ВРТ, основанная как политическое предприятие, ведомая людьми, имевшими ясно выраженные политические цели, не могла стать коммерческим предприятием. Не мог стать коммерсантом и Чернецкий, польский революционер, который рассматривал свою работу по заведованию типографией как "обязанность человека, любящего свою родину и желающего принесть ей лепту скромного и убогого труда". Так писал он Герцену в октябре 1865 года – в первый женевский год. Положение типографии усложнялось еще и тем, что в 1866 году в Женеве появилась еще одна русская типография, открытая М.К. Элпидиным.
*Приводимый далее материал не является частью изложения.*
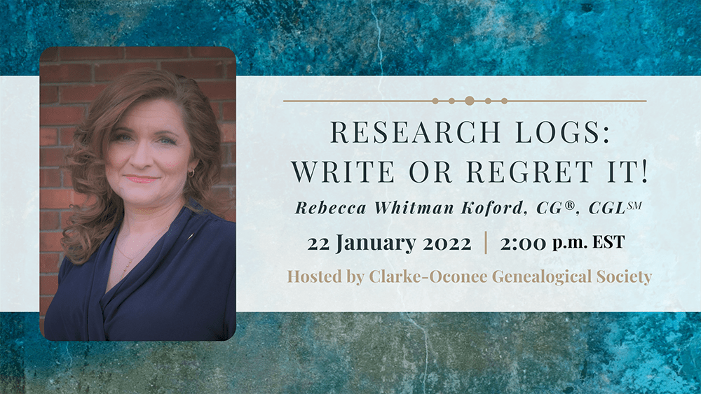 Saturday, 22 January 2022 at 2:00 p.m. EST via Zoom We are excited to begin the new year with the program Research Logs: Write or Regret It! presented by genealogical researcher, lecturer, and instructor Rebecca Whitman Koford, CG®, CGLSM. Why is this such an important topic? Organizing is key to understanding. If you can’t find it, how canContinue reading “Research Logs: Write or Regret It!”
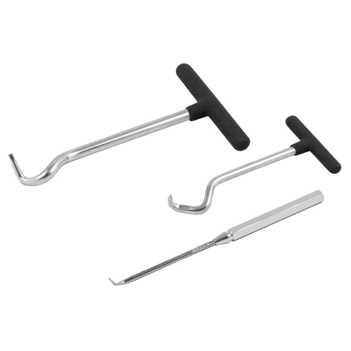 Набор инструментов предназначен для демонтажа уплотнительных колец, сальников, O-ring колец, шлангов и других элементов. Используется для аккуратного извлечения деталей в труднодоступных местах без повреждения посадочных поверхностей. Специальная форма и угол крюков обеспечивают эффективность и удобство в работе. Набор подходит для использования в автосервисе и при ремонте техники.
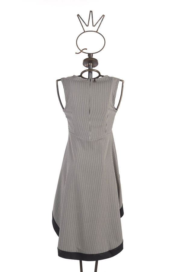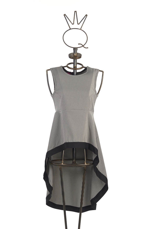 Avec ses rayures et sa base contrastante, la tunique Save the Queen est sans manches et possède un col rond et une base plus longue derrière que devant.

Все более мелел и Общий фонд, поскольку "молодые эмигранты" создали свой собственный фонд – кассу взаимопомощи.
В 1869 году типография Чернецкого уже не имела вовсе заказов. Пришлось распустить рабочих – оставили одного наборщика.
В феврале 1867 года Герцен во Флоренции встретился с Ге. Памятью этой встречи остался портрет Герцена – одно из последних его живописных изображений. Портрет очень нравился Тате. 23 февраля она сообщала Огареву: «Живописец Ге сделал отличный портрет папаши… Как только он высохнет, я возьмусь за копию…»
У Таты рано обнаружился художественный талант. Более всего она тяготела к портрету. Собираясь послать дочь в Италию, Герцен прежде направил ее в Брюссель, к знаменитому бельгийскому художнику Галле. И в ноябре 1862 года Огарев, глубоко привязанный к девочке, сообщал Кашперову, жившему в Италии: "Вот вам новость: Тата, которую ждем из Брюсселя, училась там живописи под руководством Gallait (первого художника), живопись – ее специальность".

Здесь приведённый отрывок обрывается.